# Advice on a new AR,



## pic (Nov 14, 2009)

There are many out there,, don't know what's what, and what to look for. I'm fine with iron sights.
Quality, reliability , thanks


----------



## Blackhawkman (Apr 9, 2014)

I would research well and then decide what you want to do with a new AR. There are also many options as far as Optics, rail mounts, barrel config? I like Rock River Arms & Ruger. I have an HK556 that I really like ALOT, too. Good luck in your search. Let us know what you decide?


----------



## pblanc (Mar 3, 2015)

It would help if you could give an idea of your price range and how you plan to use it.

I am no expert on ARs but having researched the issue and having recently purchased one, I do have some opinions. 

I think the majority of new AR 15 owners would be well-served by a good quality, entry-level rifle such as the Smith and Wesson M&P15 Sport II, or the Ruger AR556. Such a rifle provides a good platform for learning the AR 15 design, structure, and function without sinking a ton of money. These are widely available for around $600, or sometimes less on sale.
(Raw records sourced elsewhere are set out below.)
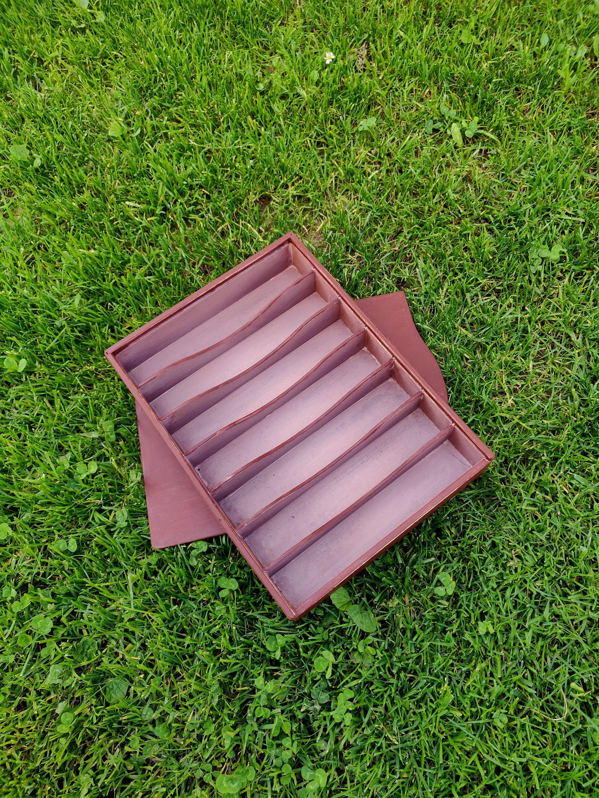 The seven chamber whittling box made out of layered wood painted with milk paint.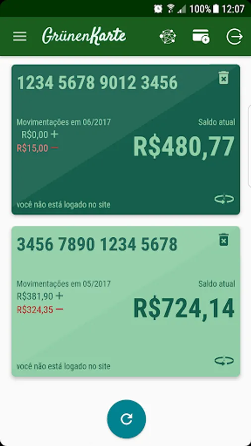 * Card screen: shows the current balance, the total benefits and expenses for the last month and the date and time of the last update check on the website;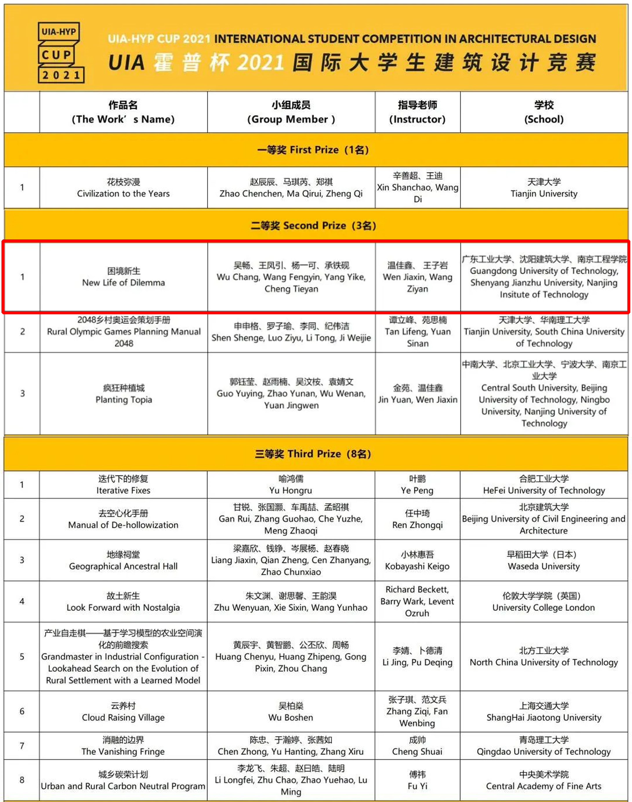附:“UIA-霍普杯国际大学生建筑设计竞赛”始于2012年,已连续成功举办九届。本届比赛由国际建筑师协会(UIA)为国际主办单位,天津大学建筑学院、《城市·环境·设计》(UED)杂志社主办,中央美术学院建筑学院联合主办。每届竞赛的评委会主席由一名国际著名建筑大师担任,竞赛评委为来自国内外的著名建筑师及学院院长。本届(2021)UIA-霍普杯由普利兹克建筑奖得主、OMA(大都会)建筑事务所及AMO创始人、哈佛大学教授雷姆·库哈斯(Rem Koolhaas)担任主席并拟定题目“乡村困境——新乡村设计”。本届竞赛共有来自全球约1500组学生报名参赛,组委会邀请到13位国内外知名建筑师、建筑教育家担任评委,在进行多轮评图与讨论交流后,最终为此次竞赛落槌定音,甄选出35组获奖作品,其中包括一等奖1组,二等奖3组,三等奖8组,优秀奖23组。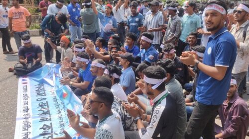শিক্ষা ভবনের সামনে ৭ কলেজ শিক্ষার্থীদের অবস্থান কর্মসূচি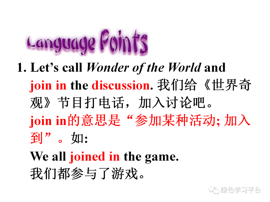 join in的意思是“参加某种活动,加入到”。例如:We all joined in the game. 我们都参与了游戏。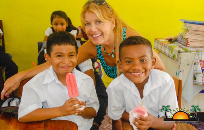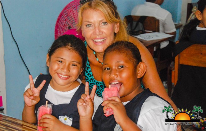 Long time island visitors Debbie and Larry Heimgartner brought sweet treats once again to the students and staff of the San Pedro Roman Catholic School (SPRCS) on Monday, October 29th. The Heimgartners, who have been doing this activity for years, were once again joined by Manelly’s Ice Cream Shop in distributing 1,000 paletas (popsicles) in the school.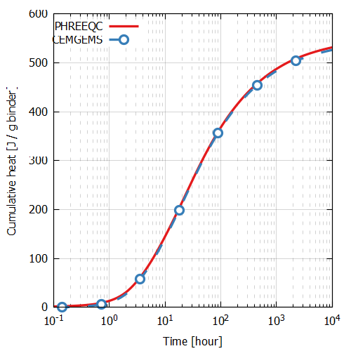 Figure 2 - Cumulative heat release under isothermal conditions during hydration of the simplified C3S-C4A system calculated with PHREEQC (solid lines) and CemGEMS (dashed lines with dots)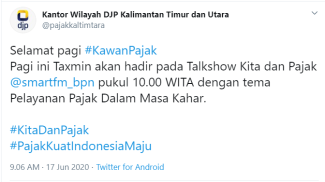 Kantor Wilayah Direktorat Jenderal Pajak Kalimantan Timur dan Utara (Kanwil DJP Kaltimtara) menjadi narasumber pada Gelar Wicara (Talk Show) “Kita dan Pajak” di 97,8 Smart FM Balikpapan (Rabu, 17/6). Gelar wicara ini dimulai pada pukul 10.00 WITA sampai dengan 11.00 WITA melalui siaran radio langsung dan Live Instagram @smartfm_bpn yang dipandu oleh penyiar Etty dan narasumber Pemilu Purnomo dan Adi Chandra dari Bidang Keberatan, Banding, dan Pengurangan Kanwil DJP Kaltimtara.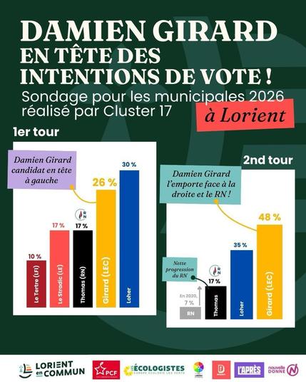 [Municipales 2026 à #Lorient] Rejoignez l'union de la gauche et des écologistes avec Lorient en Commun et Damien Girard si vous aimez Lorient, son âme ouverte et solidaire et voulez retrouver une ville apaisée !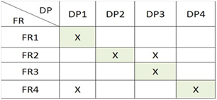 Finalizado o processo de decomposição e eliminadas as inconsistências das matrizes de projeto dos subníveis (DM1.x, DM2.x, DM3.x e DM4.x) da hierarquia de requisitos funcionais (FR) e parâmetros de projeto (DP), obtém-se a Matriz de projeto ( Design Matrix, DM) completa. Esta matriz corresponde à junção das matrizes resultantes da decomposição dos parâmetros de projeto do Quadro 1.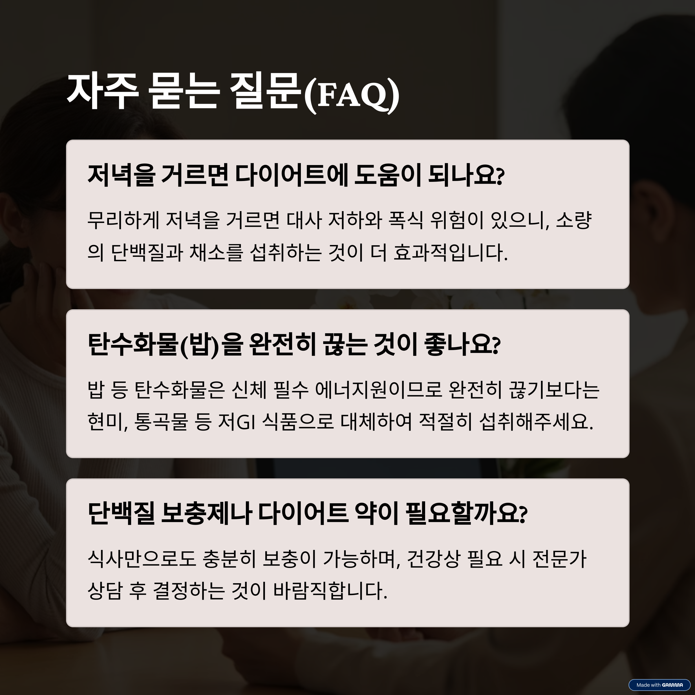 - A. 무리하게 저녁을 거르면 대사 저하와 폭식 위험이 있으니, 소량의 단백질과 채소를 섭취하는 것이 더 효과적입니다.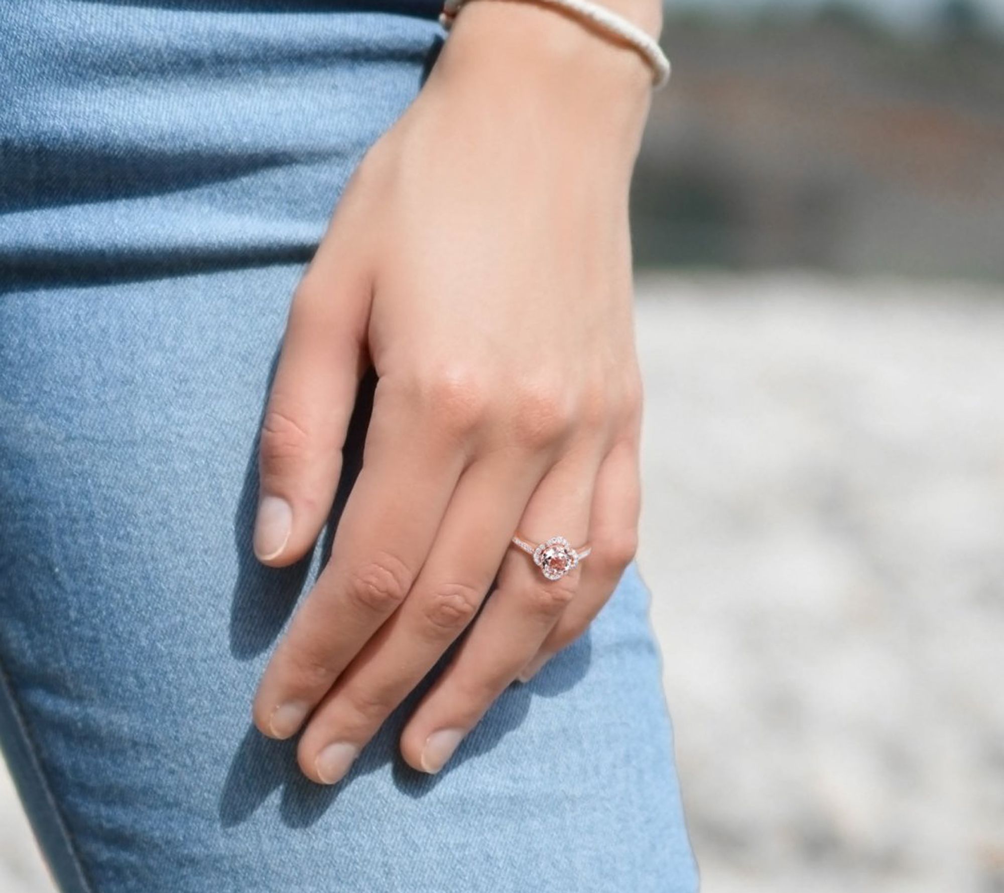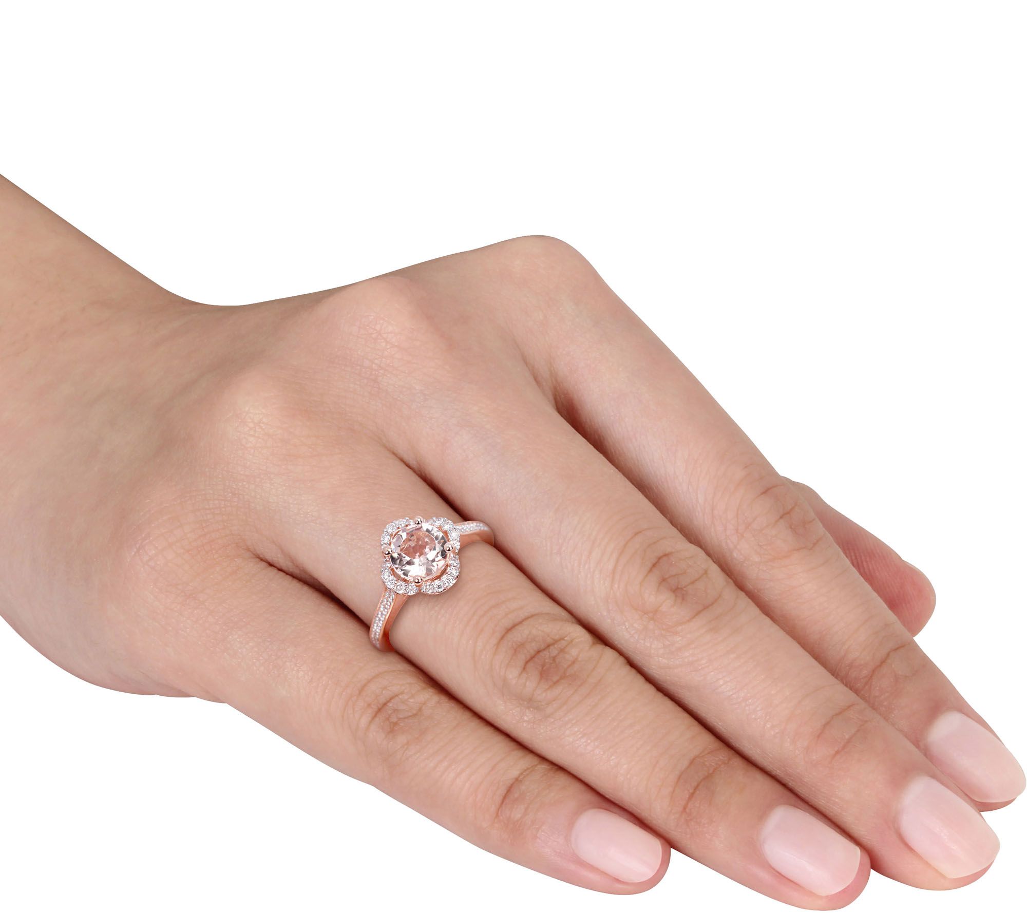 - Engagement ring with round-cut, prong-set morganite center; round, white diamond side gemstones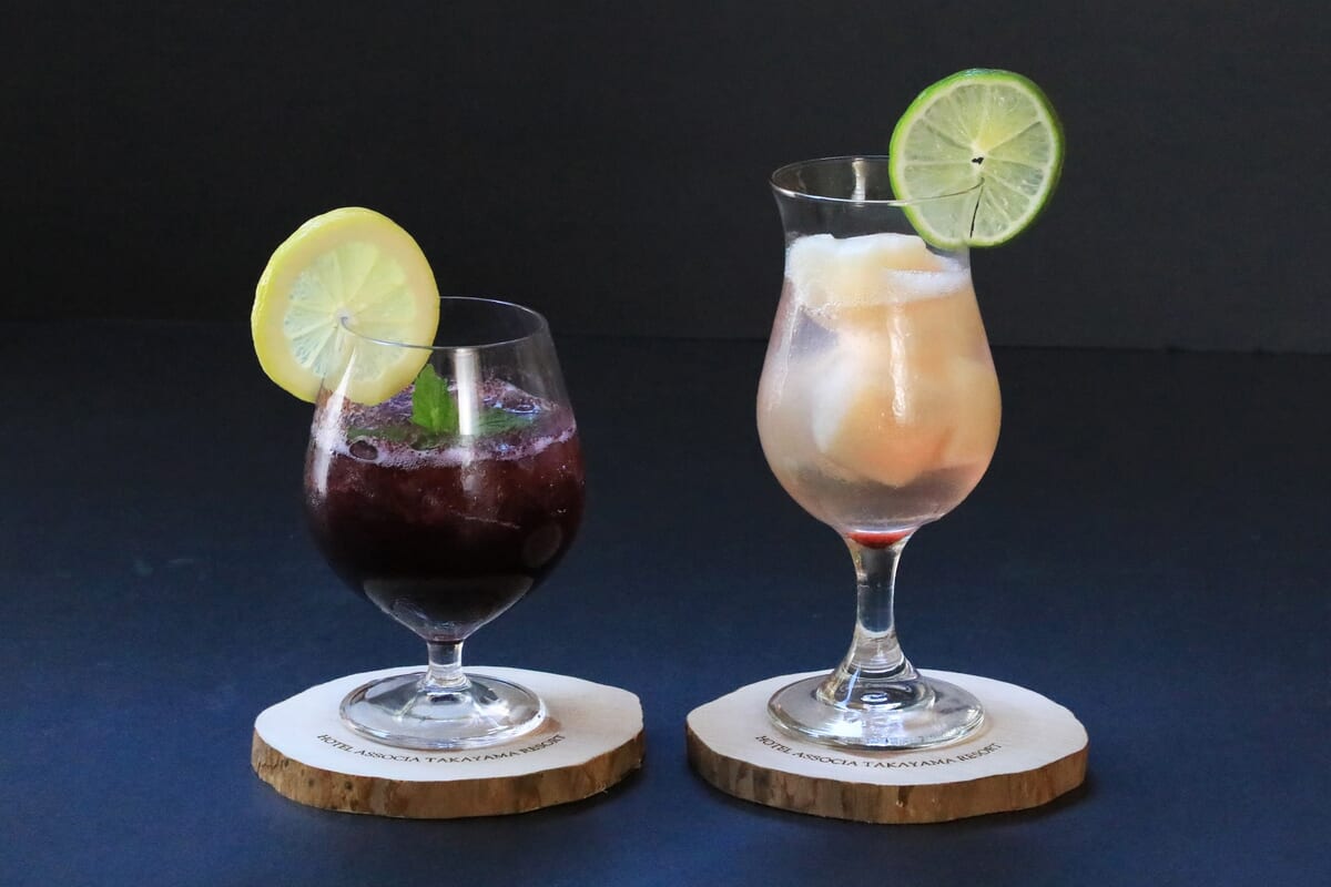 「アソシア畑のブルーベリー 大人のビターカクテル」と「飛騨桃のスイートサマーカクテル」が提供されます。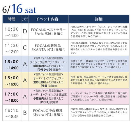 試聴システムは下の表のように4種類を用意。16日・17日の両日にわたって、製品を軸にした試聴会、オーディオ評論家らを招いた「音楽ジャンル限定試聴会」を行う。各イベントの内容や実施時間、使用システムについても下の表を参照のこと。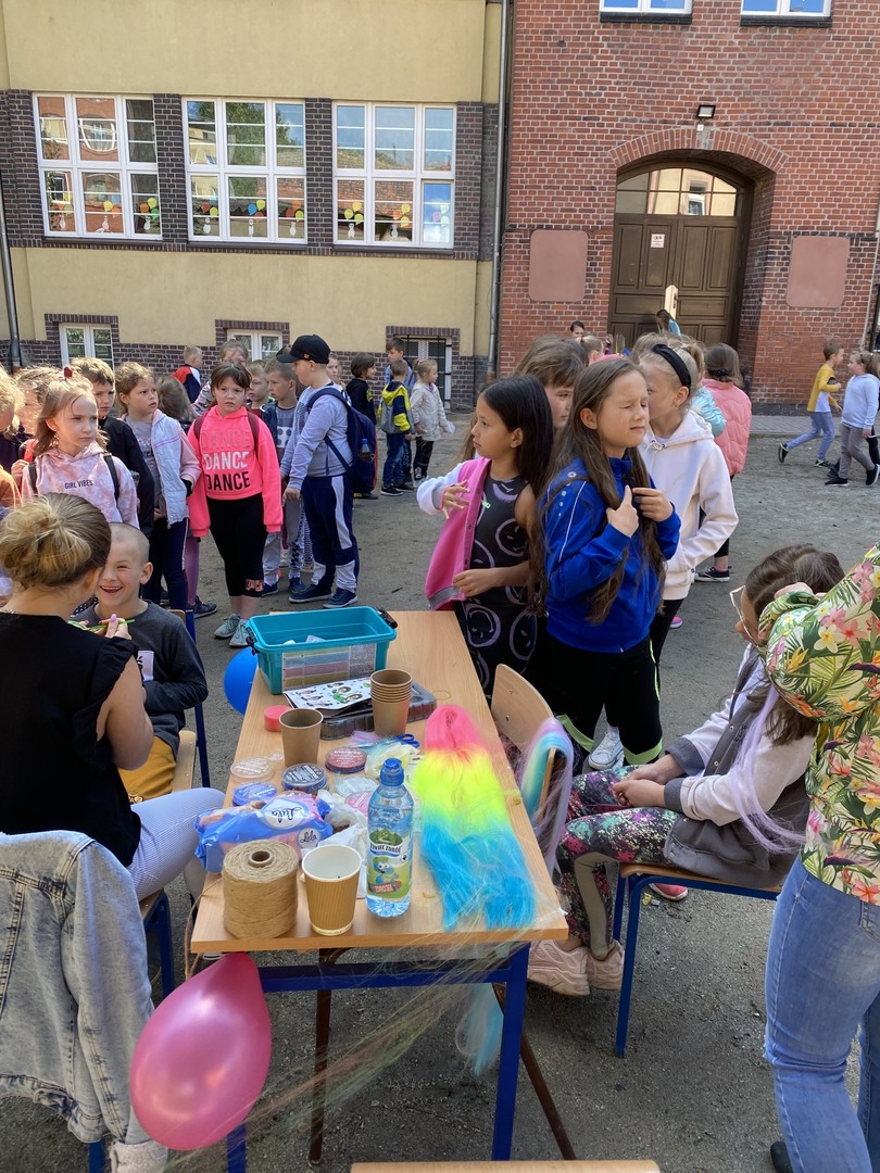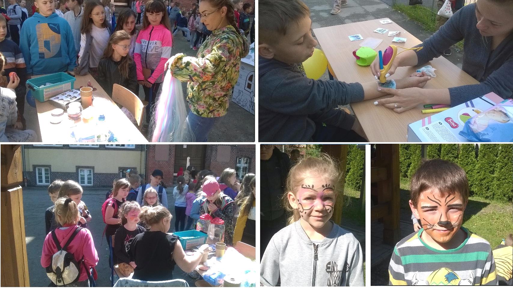Z okazji Dnia Dziecka w naszej szkole przygotowano festyn. MOPS zorganizowało takie atrakcje jak: ozdobienie twarzy za pomocą przeznaczonych do tego farbek, dziewczynkom pani wplatała we włosy kolorowe warkoczyki, można było sobie zrobić na ręku tatuaż. Dodatkowo była możliwość zbudowanie konstrukcji z łączonych rurek oraz malowanie tekturowego domku. Dział Profilatyki Miejskiego Ośrodka Pomocy Społecznej przygotował dla dzieci nagrody za udziałw konkursach. Straż Miejska wprowadzała naszych milusińskich w świat ruchu drogowego realizując założenia programu edukacji komunikacyjnej „Autochodzik”. Rada Rodziców przygotowała dla dzieci popcorn i przeróżne słodkości, a pan Wiesław Bielawski z RWS Podgórze i radny - pan Piotr Kwiatkowski częstowali dzieci lizakami.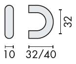 Tirant de meuble en U Ø 10 mm, entraxe 32 mm, inox brossé 316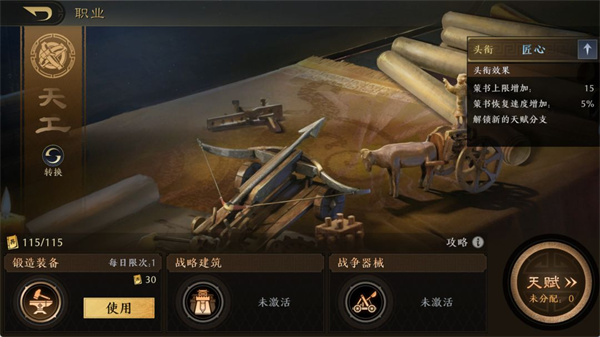 评价:专精于建筑和器械,能够提高战斗中的兵种战力,是攻城和守城中必不可少的职业。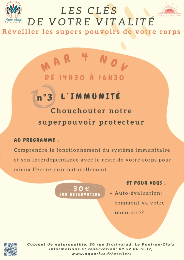 Ce deuxième atelier vous donnera les clés pour adapter vos activités physiques ou sortir de la sédentarité avec plaisir, afin de profiter des bienfaits irremplaçables du mouvement jusqu’au cœur de vos cellules. - Atelier n°3: L’IMMUNITE – Chouchouter votre superpouvoir protecteur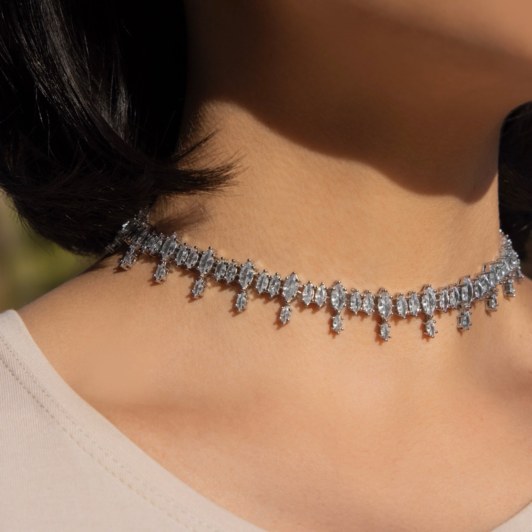 Déjate seducir por el encanto deslumbrante de este choker de Lavanda. Este collar cautivador presenta deslumbrantes zirconias en cortes marquise, que destellan con cada movimiento. Cada colgante marquise cuelga delicadamente, agregando un brillo sutil y sofisticado. Un símbolo de elegancia refinada, este choker captura la atención con su brillo celestial y realza tu estilo con un toque de glamour sin igual.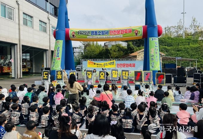 한국시사경제 오영주 기자 | 영동소방서는 21일 본서 후정 및 차고에서 지역 유치원(어린이집) 원생 및 지도교사를 대상으로‘2025년 어린이 119한마당 대축제’행사를 개최했다.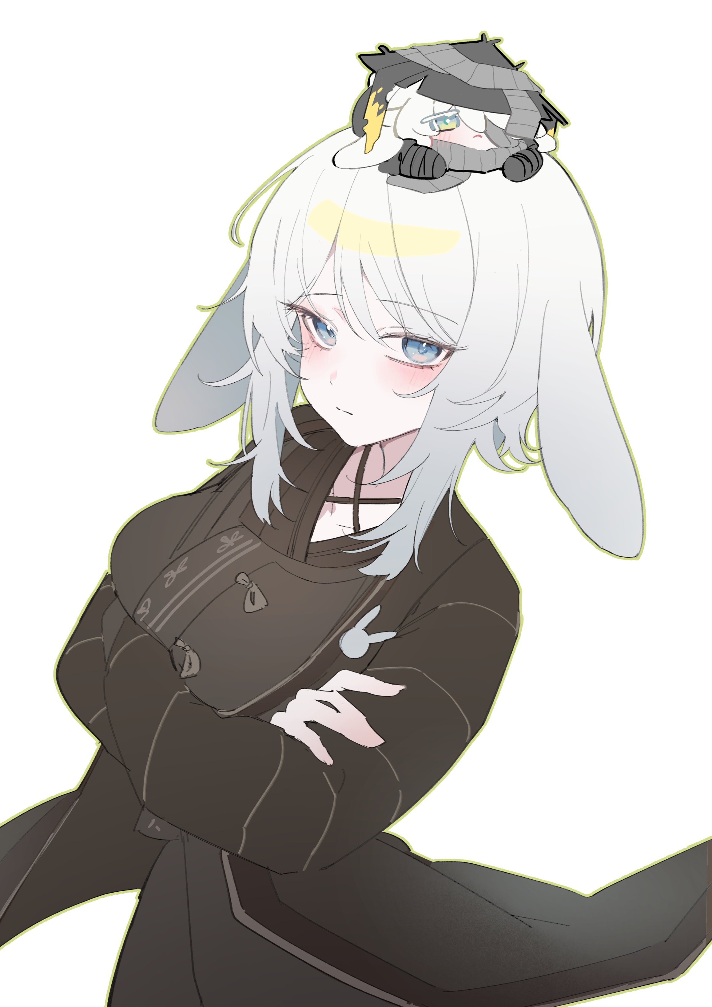 1girlanimal earsblue eyesbrown jacketcrossed armsgrey hairjacketlooking at viewerrabbit earsrabbit girlsimple backgroundsolowhite background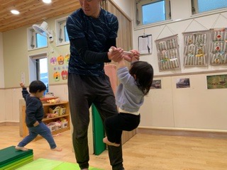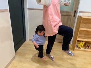 片足立ちはフラフラしちゃうから、先生につかまって…!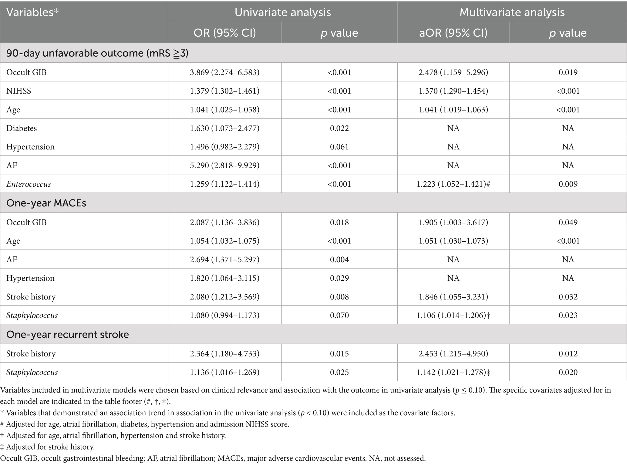 Table 4. Univariate and multivariate logistic regression analysis of potential risks for long-term outcomes in AIS patients.

If you anticipate very heavy use and plan to shoot many thousands of rounds through the rifle, then features such as a chrome-lined 4150 chrome-moly barrel might be worth the additional expense. In that case if you are willing to spend a few hundred dollars more you might look at a carbine like the Colt LE6920. 

Keep in mind that virtually every part on a mil-spec AR carbine can be replaced, so unless you buy a real piece of junk, it is hard to make a fatal mistake.


----------



## desertman (Aug 29, 2013)

I have a Colt "Sporter" that I bought in 1980 with triangular hand guards and no forward assist. I later on bought a Bushmaster carbine with a collapsible stock, I believe 16.5 inch barrel w/forward assist. They both go "bang" when fired without any issues.


----------



## Bisley (Aug 24, 2008)

Assuming that you simply want a decent quality semi-auto rifle in .223/5.56 with a high capacity magazine for plinking and possibly home defense, there are a lot of budget options available that are more than adequate. For a good quality complete rifle, DPMS is good for a fair price. Also, if you are willing to buy the upper and lower and snap it together yourself, you can mix and match at Palmetto State Armory, to suit yourself. I also helped my 15 yo grandson build one, and he easily assembled the lower under my guidance and it turned out well.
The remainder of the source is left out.